* _ACTIVITY_:
Only the lines from the start of the entries through the line with "Resize element 7" should be returned, each exactly as it stands, and no pictures.

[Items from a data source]
* * *

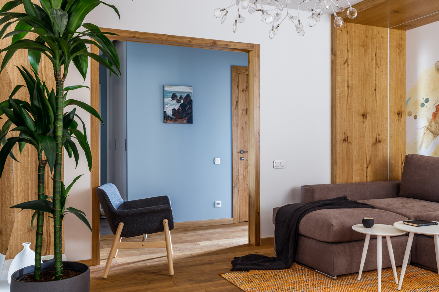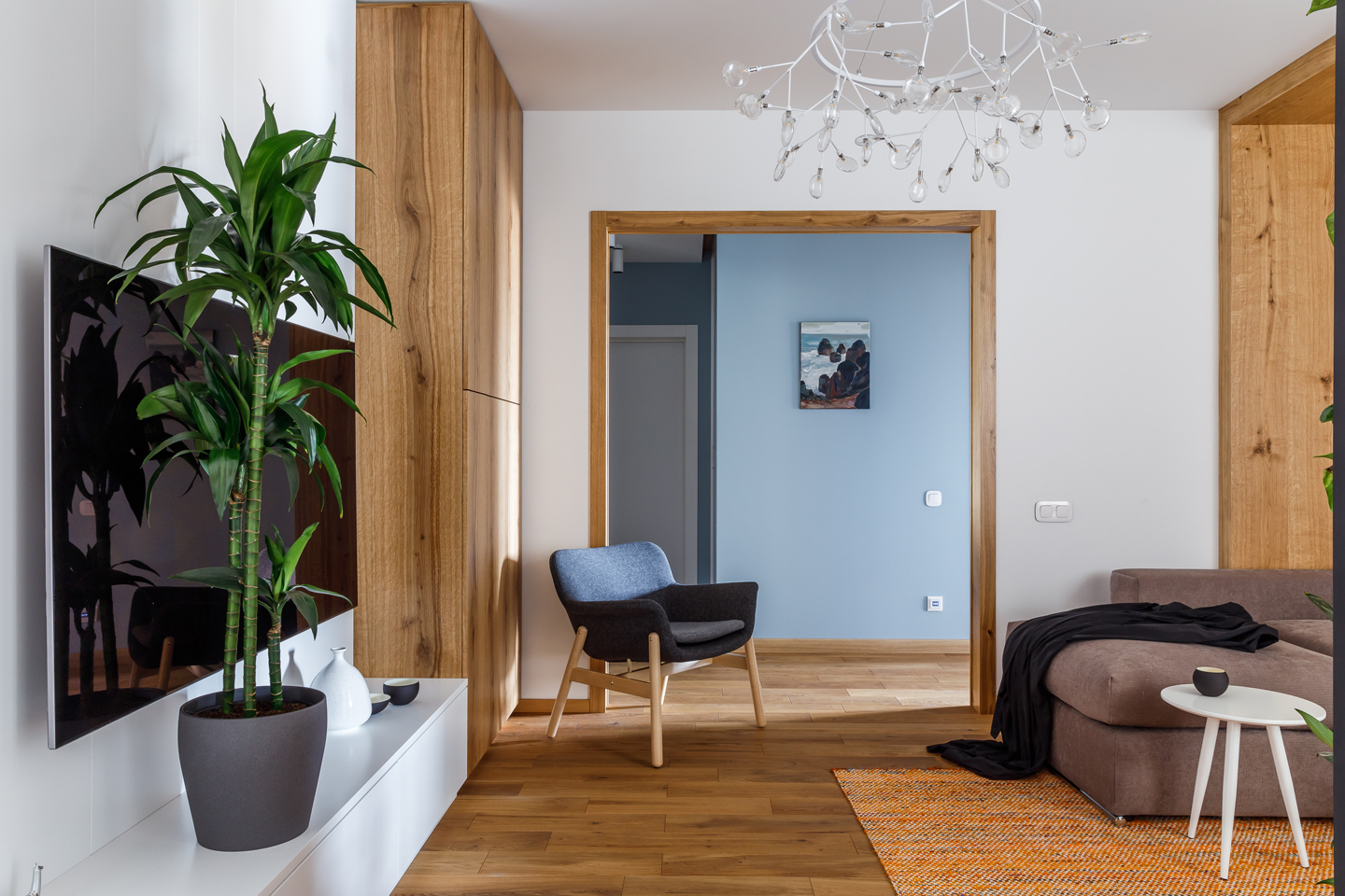 Минималистический интерьер квартиры выдержан в традициях скандинавского стиля. Отделка помещения выполнена шпонированными дубом Ретро и эмалированными панелями светлых оттенков.
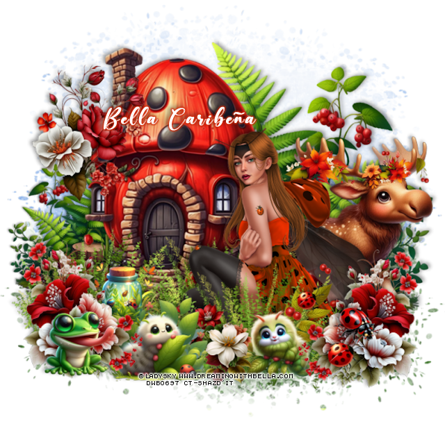 Resize element 7 to 25%, mirror, paste at the bottom below the flower.
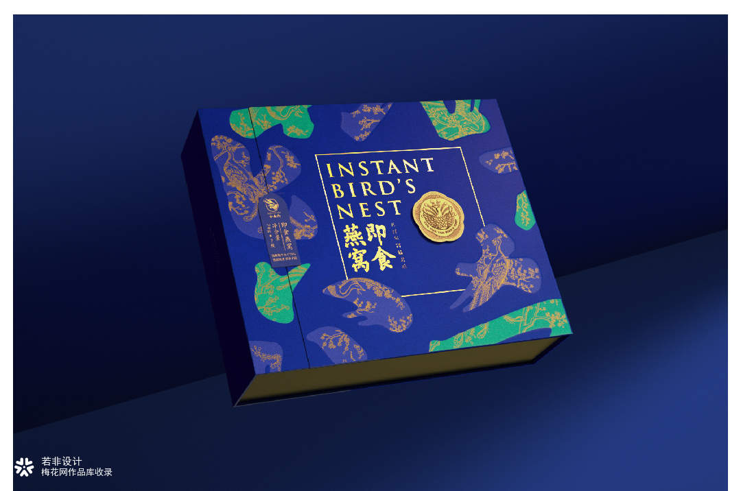 云画燕燕窝礼盒融合了东方宫廷美学与现代设计,以凤凰为形,象征尊贵与领导力。其设计中运用青绿、泥金色调,源于传统青绿山水,表现出奢华与内敛的东方韵味。榜书体的文字图标,细腻温婉,去除雄健,展示岁月沉淀下的优雅。整体设计旨在突显燕窝的高端品质与文化价值,吸引追求高品质生活的年轻群体,成功融合传统与现代,营造独特的礼品体验。
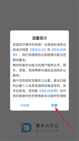 1、在溫馨提示彈窗中,點(diǎn)擊同意,進(jìn)入注冊(cè)登錄頁(yè)面。
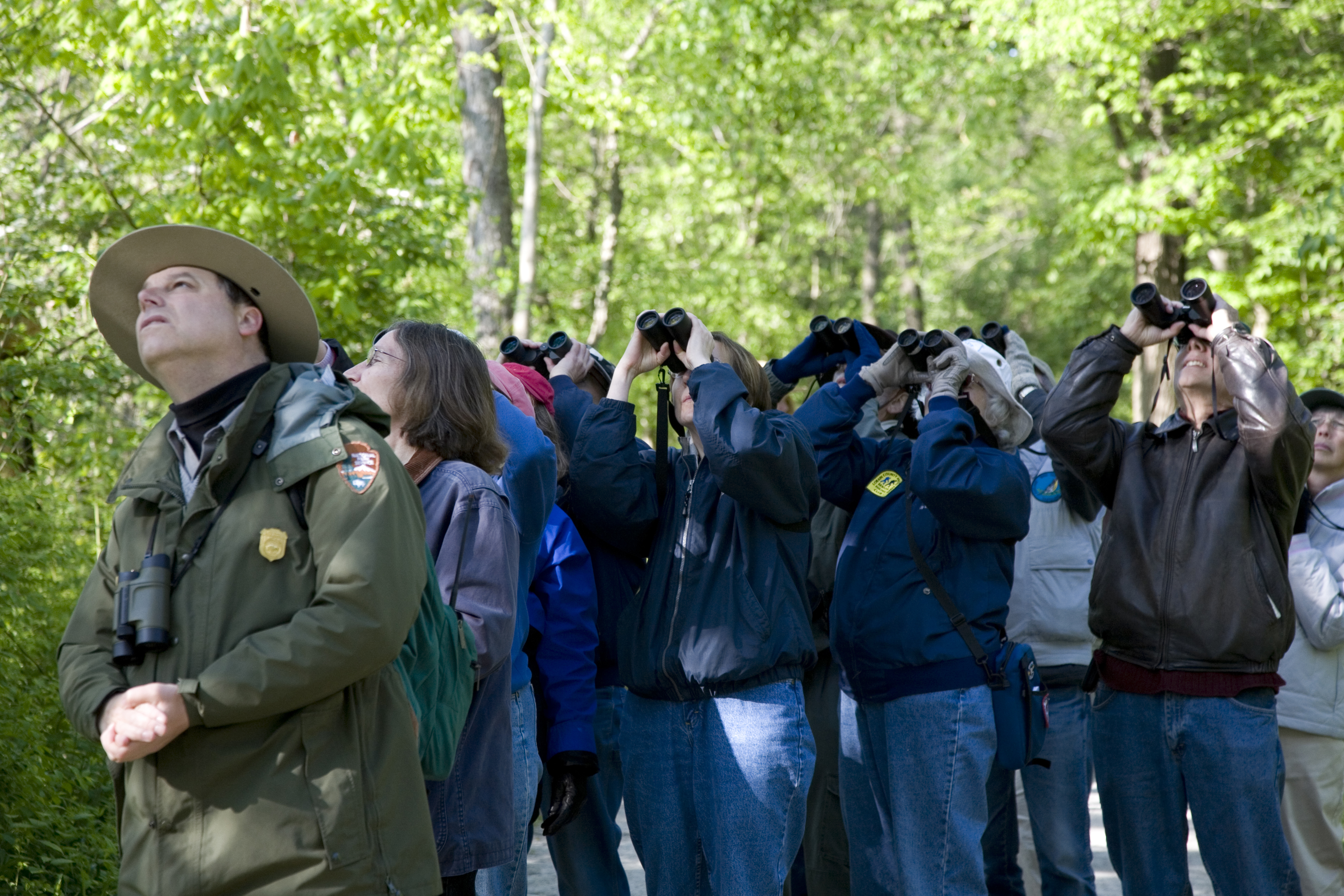Cuyahoga Valley National Park has been designated as an Important Bird Area (IBA) by the National Audubon Society and has long been recognized by birders as an ideal area for observing birds. There have been about 240 species documented in the park. || CVNP offers a variety of seasonal bird watching programs. This one is lead by Park Ranger Paul Motts and Park Volunteer Dwight Chasar. The group travels along the Towpath Trail to the Beaver Marsh, north of the Ira Trailhead.
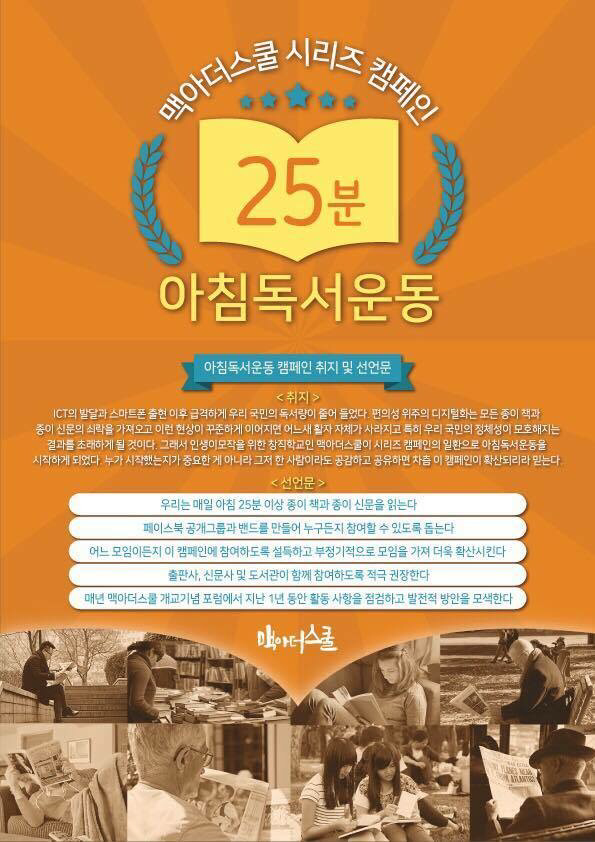 독서하기 아주 좋은 계절입니다. 맥아더스쿨 시리즈 캠페인 아침독서운동에 참여해 보시죠? 매일 몸을 위해 음식을 먹어야 하듯 매일 독서를 통해 정신을 더욱 풍요롭게 합니다. 동참하실거죠?

* * *

* _SOLUTION TO THIS TASK_:
 Минималистический интерьер квартиры выдержан в традициях скандинавского стиля. Отделка помещения выполнена шпонированными дубом Ретро и эмалированными панелями светлых оттенков.
 Resize element 7 to 25%, mirror, paste at the bottom below the flower.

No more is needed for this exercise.